3. On the other hand just using STCOX stratified on the age group with robust vce and an offset seems to get me very close to the examples results in Langholz and Jiao (Table 2(B) with the very helpful supplied model data with that paper's supplementary material). But, I am worried that (as an epidemiologist and not a statistician) I am missing something, and will be doing bad things when I use this on my real dataset. The model dataset is small and the difference between some of the example results are pretty small, so hard to say if I am just close by luck. However, STSELPRE does not produce the published results with any set of options I have found.

Does anyone know what would be a correct way to analyze these data with Stata? Can you help me justify the use of STCOX with the options correctly specified based on the method and theory laid out by Langholz & Jiao 2007?

I am happy to share even more details of how close I get to L&J 2007 as needed, and etc., if someone might have an idea what is going on.

Thanks,
Scott
Tags: None
Murray Weeks

Join Date: Jul 2016

Posts: 1
#2

28 Jul 2016, 08:39

Hi Scott,
I was wondering the same thing... whether STCOX would be adequate or whether one of these user-written programs would be needed. I would be very interested to know if you had found an answer to this question elsewhere.

Cheers,
Murray
Comment
Scott Adams

Join Date: Sep 2014

Posts: 51
#3

12 Oct 2016, 15:53

Hi Murray, Sorry not to have seen this earlier.
I did find a resolution, I have copied an earlier post or message I sent to another user. I'm not sure why it does not appear here with this post-- I'm not good with this forum.
Unfortunately I have since changed employers and it would be a little tricky for me to get the original code. Hope the below helps...
*****

Hi Johanna,
As a matter of fact, I think I did work through it and I am happy to share. (The results were accepted for publication so ...) I will send you what I worked out, but it will take me a couple of days -- I am not at my desk for the next of couple of days and maybe don't remember all the details. However, I think that I used the -stcascoh- commands with the work-around described here,
http://www.stata.com/statalist/archi.../msg01199.html
in order to set up the data for case-cohort sampling.

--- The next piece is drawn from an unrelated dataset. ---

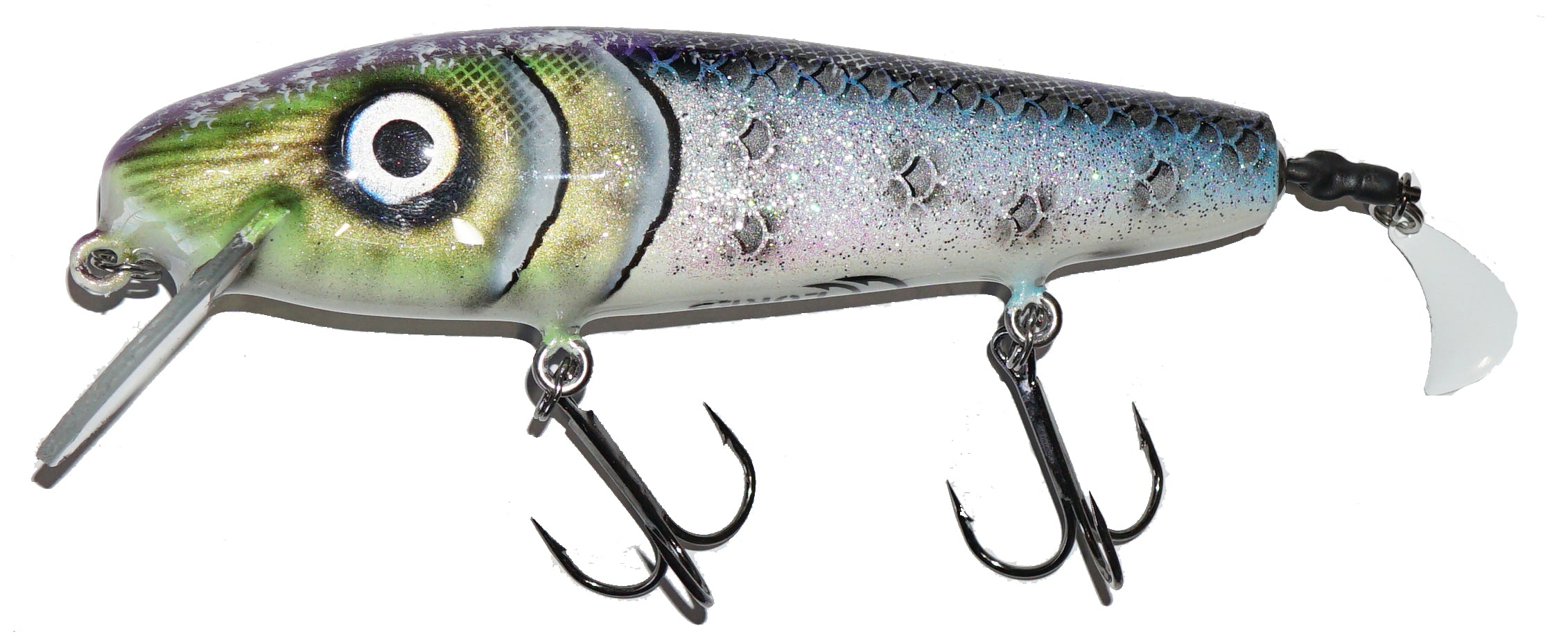 Each bait is hand made out of wood, hand painted, and hand assembled.
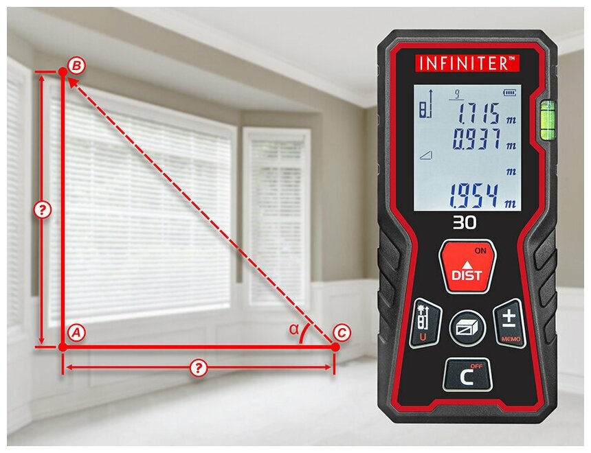 Отзывы на Дальномер лазерный INFINITER 30 (диапазон 0.05-30м, +/-1мм, площадь, объем, уровень, 0.1кг) CONDTROL 1-2-325

The article from Langholz and Jiao,
http://www.sciencedirect.com/science...67947306005068
is also helpful because it provides some sample data -- so you can see what set of options in Stata are equivalent to the analyses they describe.
Using these two sources I was able to convince myself, at least, that I could do stratified case-cohort analysis. At the moment as I said I am away from the office, so I am not 100% sure what the final set of options was that I thought made the most sense (and it may depend on your data and what you want to do). But I will get back to you.
In the meantime I would suggest looking at that article from Langholz and Jiao and reproducing their results from their sample data, to get an idea how to make it work in Stata.
Best,
Scott

Johanna,
I do highly recommend working through the L&J paper. For me, working through an example and getting the "known" answer from my code is extremely reassuring.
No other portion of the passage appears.